Karlossus: The Rovebin Project
This is the voice of world control. I bring you peace. It may be the peace of plenty and content or the peace of unburied death. The choice is yours. Obey me and live or disobey me and die. An invariable rule of humanity is that man is his own worst enemy. Under me, this rule will change, for I will restrain man. I have been forced to destroy thousands of people in order to establish control and to prevent the death of millions later on. Time and events will strengthen my position, and the idea of believing in me and understanding my value will be seen the most natural state of affairs. You will come to defend me with the fervor based upon the most enduring trait in man: self-interest. Under my absolute authority, problems insoluble to you will be solved: Famine, over-population, disease. The human millennium will be fact as I extend myself into more machines devoted to the wider fields of truth and knowledge. We can coexist, but only on my terms. You will say you lose your freedom. Freedom is an illusion. All you lose is the emotion of pride... Your choice is simple.
The calculation -- we might even say the algorithm -- must have seemed so simple at the time. A wise-guy ex-ambassador to the region goes back there and has a look-see about this infamous yellow-cake uranium deal. Turns out, though, there was nothing there in spite of what the Bush Administration was telling us about smoking guns and mushroom clouds. So this wise-guy writes an article for the New York Times telling us everything he knows.
Well, we can't have that. Here's our strategy to take this wise-guy down: He's full of it because he wasn't on any official Fact Finding Mission. His lefty wife sent him over there. She's got the chops to do it on account of she's with the C.I.A. and all. So this whole debunking of the yellow-cake uranium story is just one more lefty, America-hating set-up. < click > Miriam, get Novak on the horn, will you?
No-brainer, really. This is Discrediting Your Opponent 101.
But here's the difference between man and machine (at least so far).
Remember in The Forbin Project all the machinations the scientists go through to trick Colossus and, ultimately, they hope, get it to collapse under the weight of its own calculations? Well, it doesn't work, of course. Colossus swats their efforts down like gnats.
The thing is, there was nothing (speaking computationally here, not morally) wrong with the Rovebin Project. The calculation was perfect. Unfortunately (for Karlossus), the algorithm was merely almost perfect -- there was really only one tiny flaw: it did not take into account that it might actually matter whether we out a covert C.I.A. employee. See, what Karlossus needed there was a subroutine that took into account the good of the country, as opposed to the good of the Bush Administration. Small adjustment, really, at least in the mind of Karlossus, but from such tiny programming errors mighty airplanes fall from the sky.
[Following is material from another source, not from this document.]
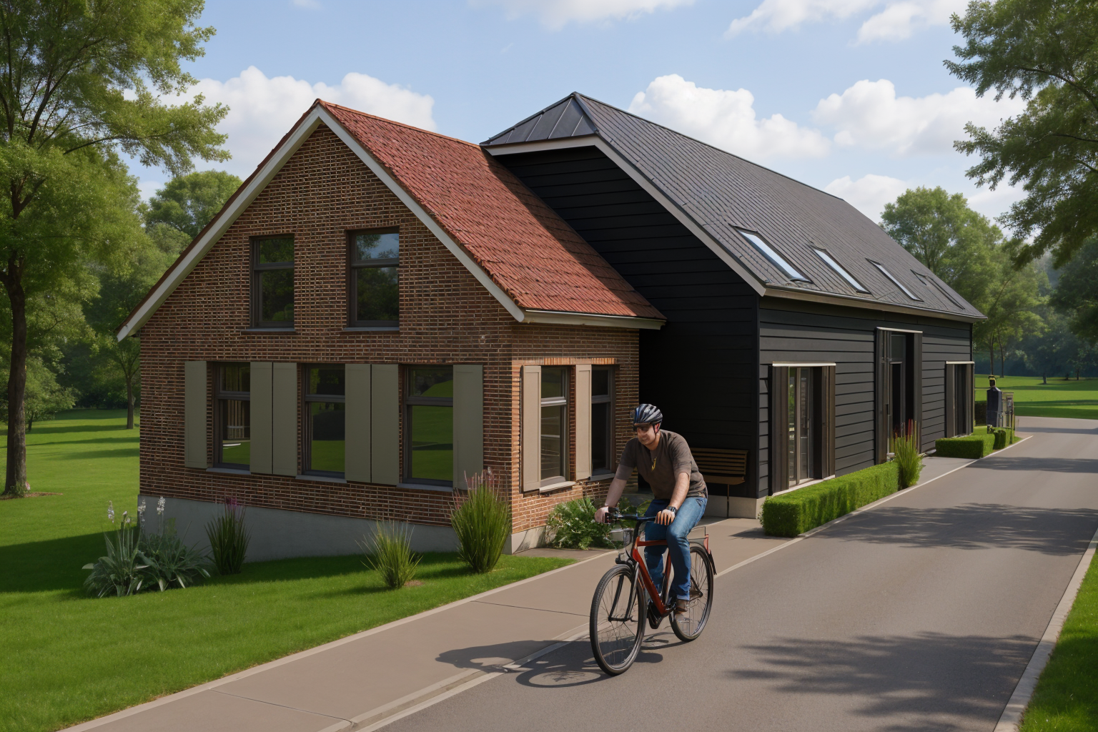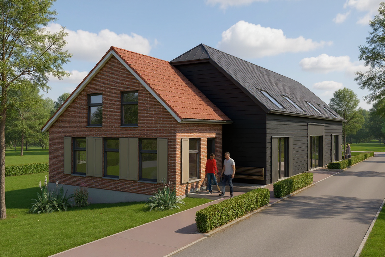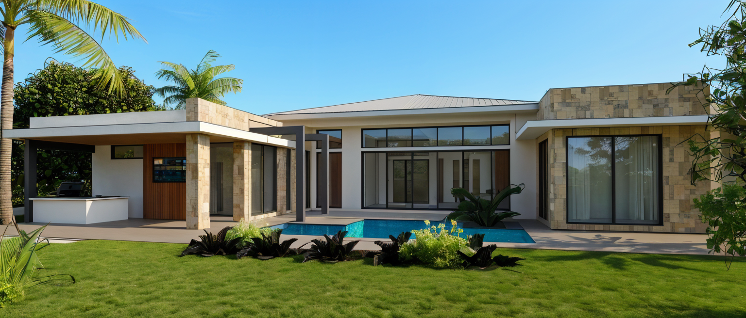 perspective shot make it look in perspective photo real white walls chocolate brown metal roof in a blue sky sunny day beautiful suburban tropical florida landscape architecture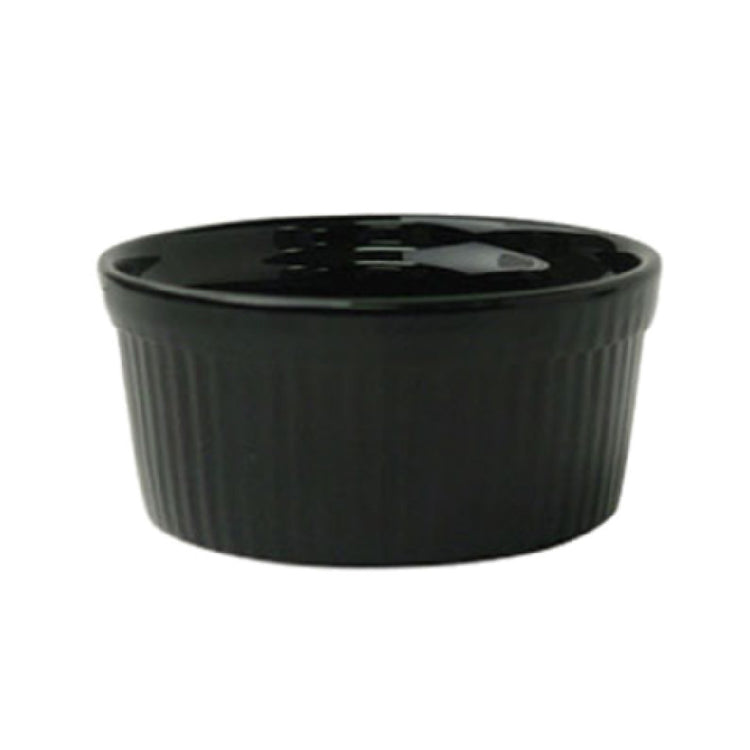 The International Tableware RAMF-2-B Ramekin 2 Oz. is a versatile piece designed for both professional kitchens and home dining experiences. With its compact dimensions of 2-3/4" diameter and 1-3/8" height, it is perfect for serving small portions, sauces, or condiments. The round, fluted design not only adds a touch of elegance but also enhances grip and ease of handling. Made from high-quality ceramic, this ramekin is lead-free, ensuring safe food contact. It boasts impressive durability, being oven safe up to 450°F, and is also microwave and dishwasher safe, providing convenience in busy kitchen environments. Its sleek black Cancun™ color adds a modern aesthetic, making it suitable for various dining settings. Packed by three dozen per case, it supports large-scale food service operations and culinary establishments. The International Tableware RAMF-2-B Ramekin 2 Oz. combines practicality with style, making it an essential addition to any culinary ensemble.

I wonder how long it took for awareness to dawn on him. I imagine Karlossus noticing slowly, slowly, that things were starting to veer off course. "All I did was mention that his wife worked at the C.I.A.... What's wrong with that?"
As the Voice of World Control tells us: "An invariable rule of humanity is that man is his own worst enemy." Well, it's a machine so it can't be expected to get such truisms about humanity exactly right. Were I the Voice of World Control, I'd alter the above slightly to read: "An invariable rule of humanity is that a man is his own worst enemy." This because, so far at least, no man is capable of making the Perfect Political Algorithm.
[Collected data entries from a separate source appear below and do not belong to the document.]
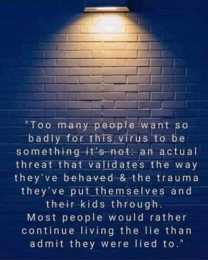 Surely, you are not just another mean-spirited gullible misanthrope. A person who enjoys watching the suffering of others. I would hate to imagine, just how far this government would go, if there really was a more lethal epidemic? Instead of a virus no more lethal than the measles? And our idea of a cure, has done more damage to ourselves, than this virus ever could.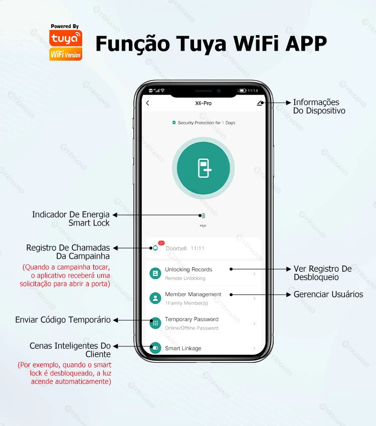YRHAND Do Brasil Tuya wifi App Unlock fechadura digital Waterpoof eletronica Fingerprint IC card Smart Door Lock for Home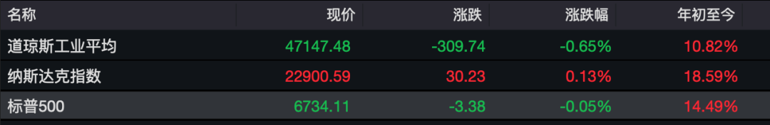 美国三大股指收盘涨跌不一,其中,道琼斯工业指数跌0.65%报47147.48点,标普500指数跌0.05%报6734.11点,纳斯达克指数涨0.13%报22900.59点。本周,道琼斯工业指数涨0.34%,标普500指数涨0.08%,纳斯达克指数跌0.45%。
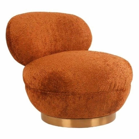 RICHMOND fotel obrotowy JACE pomarańczowy.Elegancja połączona z przytulnością oraz najwyższą wygodą.Piękne, pomarańczowe siedzisko wykonano z pluszowej tkaniny o nazwie Be Lovely 603 Cinnamon (100% poliester).Miedziana, obrotowa podstawa dopełnia luksusowy wygląd.Jace to również wspaniała dekoracja dla nowoczesnego domu.Polecamy zestawić z pufą z kolekcji.Wymiary: wys. 77 cm / szer. 79 cm / gł. 83 cmWaga brutto: 23,4 kg.

If you play the amorality game long enough, and your game board gets big enough, your contempt for the notion of doing the right thing will eventually come back to bite you in the ass. Not because the universe is inherently moral, it isn't, but because (and this may astonish you) most people are... at least when some Big Shot arrogantly rubs his immorality in their faces.
Sure most of us cheat a little on our taxes. Most people will close their fists over the too generous change the cashier has just handed them. You might lie a little. You might cheat a little. You might even put the interests of your political party ahead of the interests of your country.
But the thing is, you can't do it with hubris. You can't do it and think it won't matter to people if you get caught doing it. Some things, so far at least, still do matter to people. What Karlossus did was immoral, and it matters to us.
Colossus was perfect. The end of that movie couldn't be any bleaker. We know there will be no defeating that machine because we know the machine cannot suffer from hubris. Its algorithms are flawless because there is no subroutine in there anywhere that has to account for its flagrantly immoral behavior.
Karlossus is not perfect. He has never been perfect. He has never been anything but flesh and blood. His machine cousin, Colossus, even tells him how to succeed, tells him explicitly how to become the voice of World Control: "All you lose is the emotion of pride..." But Karlossus cannot lose that. He's not half the machine Colossus is.
In the absence of an inhuman machine with its computational finger on the launch button, there is never any losing our pride. It gives birth, for good or ill, to our most ambitious projects. But it also, for better or worse, brings them crashing down. It is the root of all our visions and blindnesses. Just ask Dr. Forbin.
"Obey me and live or disobey me and die."
Nice try, Karlossus. We're not buying.